These thefts, which legal experts say could amount to war crimes, are being carried out with the help of wealthy businessmen and state-owned firms from Russia and Syria.

The Russian military, meanwhile, has attacked farms, grain storage silos and ships still under Ukrainian control, driving up food prices.

The grain and flour carried by the Laodicea, a 138-meter (453-foot) ship, probably left Melitopol, a southern Ukrainian port that Russia occupied early in the war.

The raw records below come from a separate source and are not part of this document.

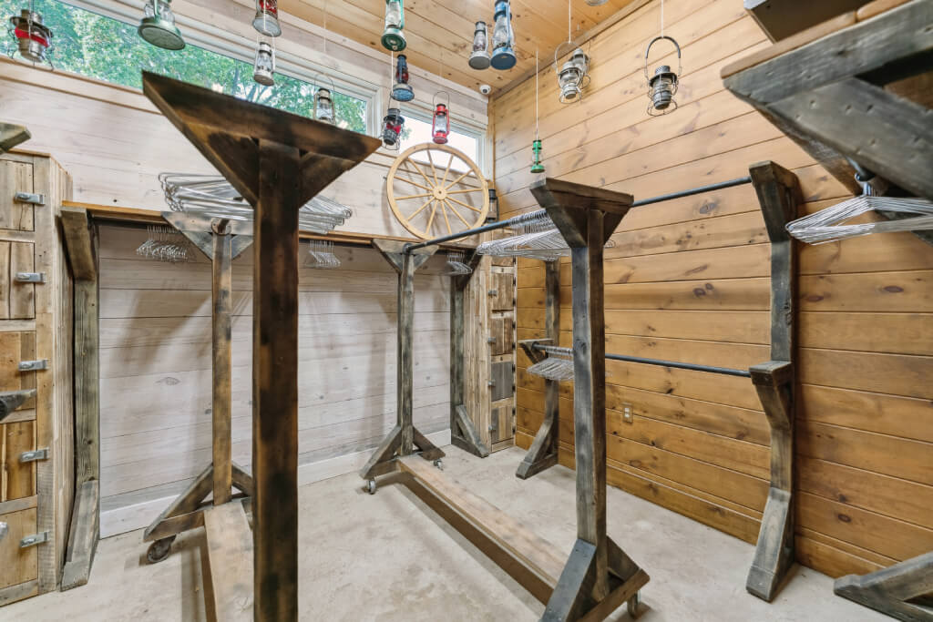 Once used for the farm’s tack rooms, feed storage, trophy displays, and vet and grooming bays, this area has been thoughtfully reimagined to provide comfort, convenience, and a little extra fun on your way to the heart of the celebration.
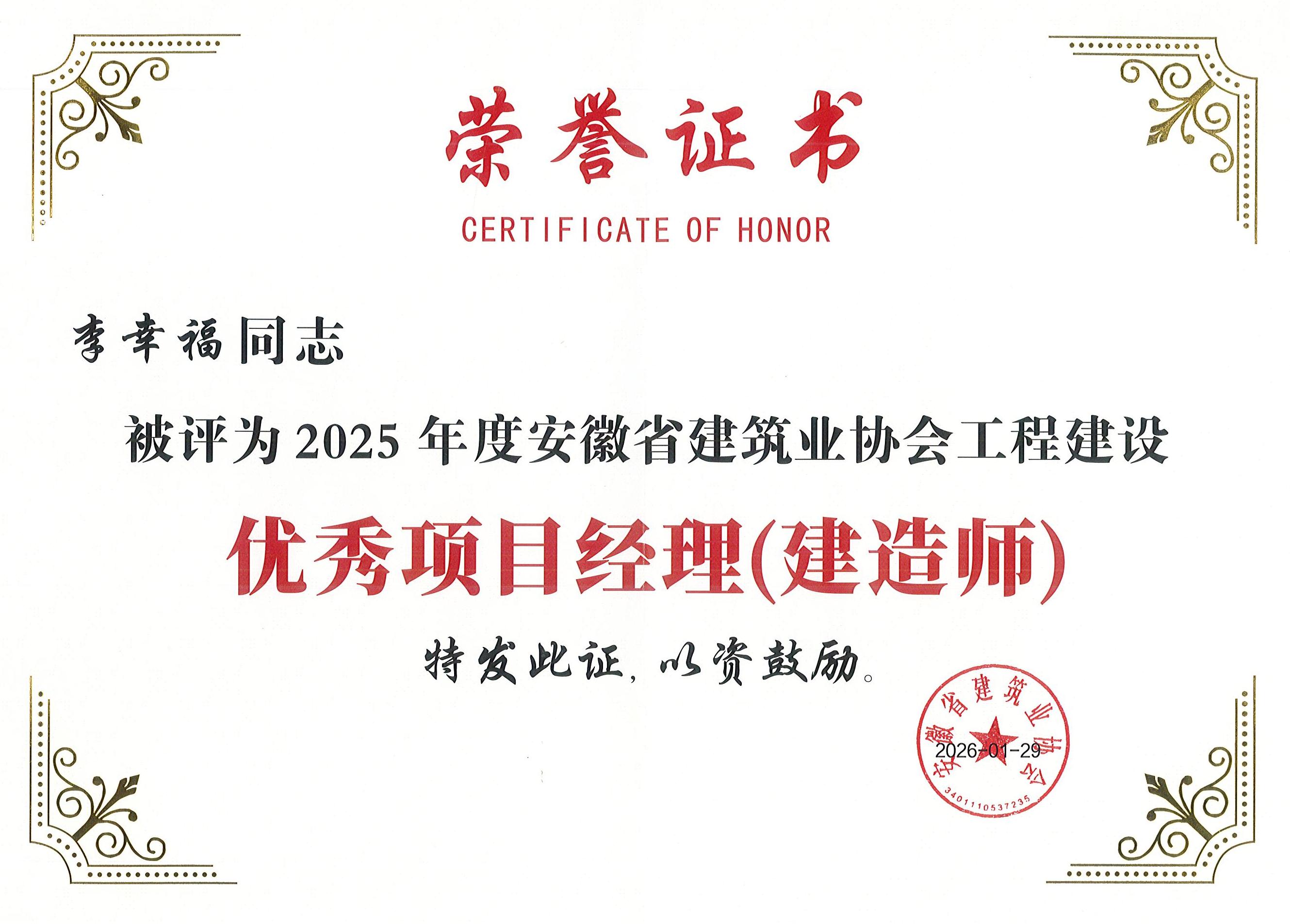 2025年度安徽省建筑业协会工程建设优秀项目经理
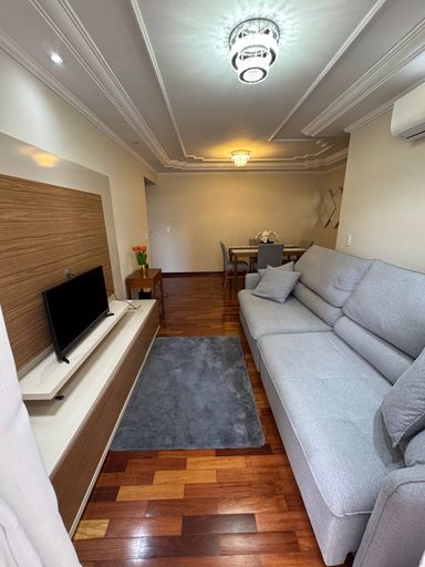 Apartamento reformado possui cozinha com armários planejados, bem iluminada, com acabemento em porcelanato. Lavanderia separada e com um bom espaço, pia em mármore e armário planejado. Sala de estar integrada a sala de jantar com um excelente espaço, climatizado com ar-condicionado e painel de TV planejado. Varanda. 2 Banheiros lindos com pia em mármore, armário planejado, acabemento em porcelanato, teto rebaixado e box em blindex, sendo que 1 deles suite.
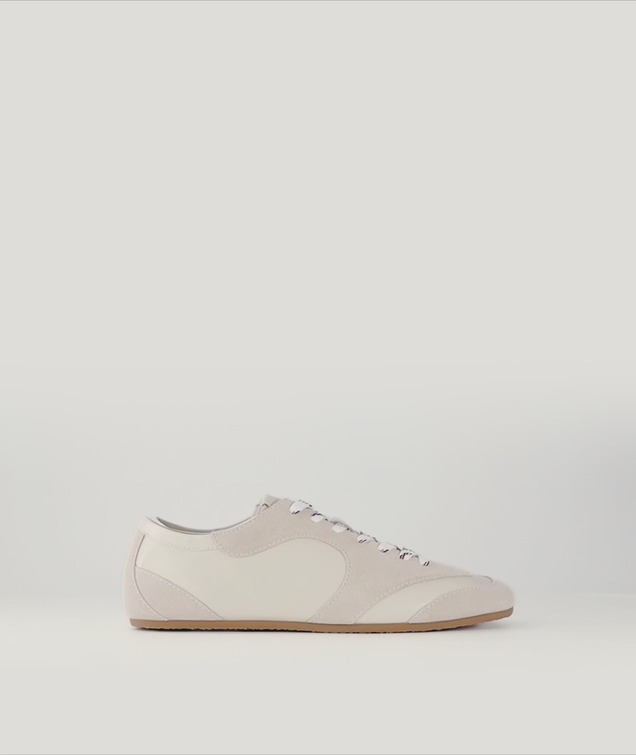Lightweight and soft, Road Rider in Milk pairs Calf Suede with Lamb Nappa contrast. Featuring a paneled upper, squared almond toe, and unlined construction for effortless movement, on a durable grooved rubber sole. Includes two pairs of laces.
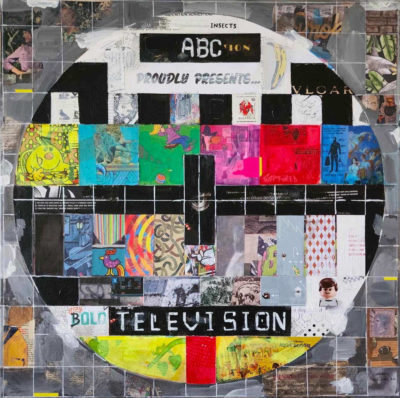 Acrylic gouache and recycled paper collage on stretched canvas
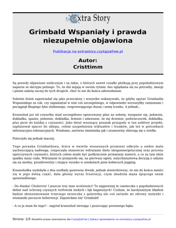 Grimbald Wspaniały i prawda niezupełnie objawiona Publikacja na extrastory.czytajzafree.pl Autor: Cristtimm Są prawdy objawione nielicznym i są takie, o których nawet rusałki plotkują przy popołudniowym naparze ze skrzypu polnego. To, że dni mijają w swoim rytmie, bez oglądania się na potrzeby, skargi i pieśni należą raczej do tych drugich, choć to nie do końca udowodnione. Sobotni dzień zapowiadał się jako przeciętny i wszystko wskazywało, że gdyby spytać Grimbalda Wspaniałego za rok, czy zapamiętał w nim coś szczególnego, w odpowiedzi wzruszyłby ramionami i pociągnął długiego łyka ulubionego, rozgrzewającego duszę i somę trunku. A jednak... Krasnolud już od czwartku miał szczegółowo opracowany plan na sobotę; wyspanie się, jedzenie, dokładka, spanie, jedzenie, dokładka, leżenie i udawanie, że się drzemie, podwieczorek, dokładka, plus picie do każdej z czynności. Jako detal wnoszący posmak przygody w ten nobliwy projekt, zaplanował spacer do sklepu, celem uzupełnienia wiktuałów i trunków, jak też w potrzebach informacyjno-rekreacyjnych. Wiadomo, zarówno śmietanka jak i szumowiny zbierają się u źródła. Potoczyło się jednak inaczej. Tego poranka Grimbaldowa, która w świetle wiosennych promieni odkryła u siebie mało zachwycającą nadwagę, rozpoczęła stanowcze wdrażanie diety ubogoenergetycznej oraz procesu uporczywych czynności, których celem miało być podkręcenie przemiany materii, a co za tym idzie spadku masy ciała. Wdrażanie to przejawiło się, na pierwszy ogień, natychmiastową decyzją o udaniu się na modny, prozdrowotny i stojący wysoko w sondażach pism kobiecych jogging. Krasnoludka wydobyła z dna szuflady gustowny dresik, jednak stwierdziwszy, że nie do końca mieści się w jego dolną część, dała głośny wyraz frustracji, czym zbudziła męża śpiącego snem sprawiedliwego. - Do diaska! Cholerrra! I jeszcze trzy inne wciórności! To najpewniej te ciasteczka z popołudniowych debat nad ochroną czynnych torfowisk niskich i łąk bagiennych! Czułam, że kardynalnym błędem będzie skonsumowanie trzeciego serniczka z galaretką ale coś zaćmiło mi zdrowy instynkt i otumaniło poczucie koherencji. Zapuściłam się! Grimbald! - A co ja mam do tego? - zapytał krasnolud ziewając i puszczając porannego bąka. Strona: 1/5 Wszelkie prawa zastrzeżone dla CzytajZaFree | Zobacz opowiadanie na extrastory.czytajzafree.pl Pogardliwy wzrok żony zawierał cały elaborat na temat jego prostactwa, nieposzanowania płci pięknej i uszczerbków w elementarnym poczuciu dobrego wychowania. - No co? - Obruszył się Grimbald. - Jako propagatorka zdrowego stylu życia powinnaś wiedzieć, że przetrzymywanie nadmiaru powietrza drastycznie wpływa na obniżenie dobrego samopoczucia, wręcz odbija się na zdrowiu... w tym psychicznym. - Czasem mam wrażenie, że wewnątrz ciebie jedynie nie-przetrzymywane powietrze można znaleźć prychnęła Grimbaldowa i ponowiła próbę wciągnięcia dołu od dresiku. I tym razem nie udało się. Krasnoludka westchnęła, wyciągnęła inną, obszerniejszą parę legginsów, ubrała je, przejrzała się w lustrze i raz jeszcze westchnęła. - Koniec z serniczkami z galaretką. Zrobiła pięć przysiadów, dwa pajacyki, trzy skłony i trochę już spocona wyszła do kuchni. Grimbald puścił drugiego, basowego bąka, sięgnął po czapkę, podrapał się niespiesznie po goleni i podążył za małżonką, uznając dalsze przebywanie w sypialni za bezcelowe, szczególnie iż poczuł dojmujące ssanie w żołądku. Jakiż piękny, niezaangażowany dzionek się dziś urodził, zadumał się na chwilę. Po czym ukroił grubą pajdę chleba, posmarował nie żałując smalczyku, obficie posypał solą, przykrył plastrem boczku i prawie całą wsadził na raz do buzi. Trwaj chwilo, chwilo jesteś piękna. - Tyle tłuszczu i cholesterolu od rana, to nie dziw że wieczorem cię zatyka - skomentowała jego wyczyn żona. - Szo masz na myszli? - Krasnolud starannie żuł kromkę jednocześnie starając się być aktywnym w małżeńskiej dyskusji. - To, żeś spaślak, leń i niezdrowo się odżywiasz, a skutki odbijają się również na rodzinie. - Poprawię szię, własznie mam szamiar pobrać witaminki. I tu, by nie być gołosłownym, podszedł do stojącej w kącie kuchni beczki i odsunąwszy przykrywającą ją deskę, bez ceregieli zanurzył dłoń, "pobrał" okazałego, kiszonego ogórka i dorzucił do zawartości jamy ustnej. Mlasnął z ukontentowania, gdy wykwintne smaki połączyły się pod podniebieniem tworząc kwintesencję udanego śniadania. - Czy ty zdajesz sobie sprawę jakie spustoszenie czynisz w swoim organizmie takim śmieciowym i byle jak spożywanym żarciem? Wymiotować mi się chce... Serio. - Uhaaaa. Łyk gorzałki by się przydał. Grimbaldowa nie kryła narastającej frustracji, jak też tego, że poczynania męża w znacznym stopniu ją wzmagają. Strona: 2/5 Wszelkie prawa zastrzeżone dla CzytajZaFree | Zobacz opowiadanie na extrastory.czytajzafree.pl - Gorzałka! Fuj! Tylko to ci w głowie! Krasnolud już miał zaprotestować i dać przykład różnorakich spraw nad jakimi głowi się w wolnych chwilach ale po namyśle odpuścił i zmieniwszy temat zaczął opowiadać o pracy. To niechybnie zobligowało Grimbaldową do bardziej prężnego działania. - Kończ - zarządziła - zmień obuwie i ruszamy. - Jak to ruszamy? Dokąd? - Propagować zdrowy styl życia w wiejskiej społeczności. - Ale dlaczego ja? Ja nie mam z tym nic wspólnego. - Owszem masz. Jesteś moim mężem i od dzisiaj przestawiasz się na fit-filozofię by aktywnie, wraz ze mną, upowszechniać prawidłowe nawyki. Grimbald miał wiele argumentów, dzięki którym mógłby prowadzić długą polemikę z żoną i udowodnić jak bardzo się myli, jednak jedno spojrzenie na rozjuszoną postać w przyciasnych legginsach, na potarganą grzywkę, błyszczące oczy, zaciśnięte
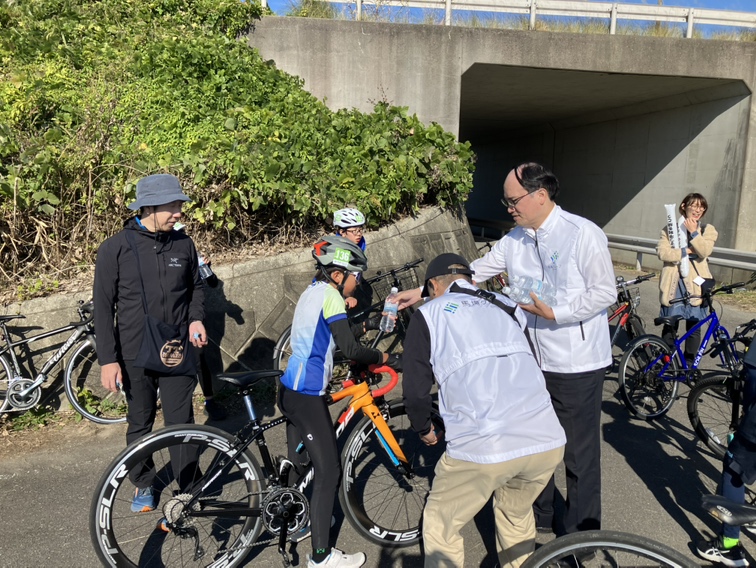 レース終了時に選手の皆様へお水の配布やレース中の応援にも参加させていただきました。

A video posted on social media on July 9 shows a train arriving at a huge grain depot in Melitopol, whose wagons bore the logo of the Russian company Agro-Fregat LLC, with an ear of wheat.

Melitopol Mayor Ivan Fedorov told the AP that the occupiers are taking large amounts of grain from the region by train and trucks to ports in Russia and Crimea, a strategic Ukrainian peninsula that Russia has illegally occupied since 2014.

A satellite image from July 11 shows the Laodicea docked at a pier in Feodosia. The ship’s transponder (a device that allows ships to be located in an emergency) was off. Two weeks later, when he arrived at the Lebanese port of Tripoli, he said he was carrying grain from a small Russian port across the Black Sea.

A copy of the ship’s shipping list obtained by the AP said it came from Kavkaz, Russia. The transport company was Agro-Fregat, the same company whose logo appeared on the Melitopol train cars. The buyer was Loyal Agro Co Ltd, a Turkey-based grain wholesaler.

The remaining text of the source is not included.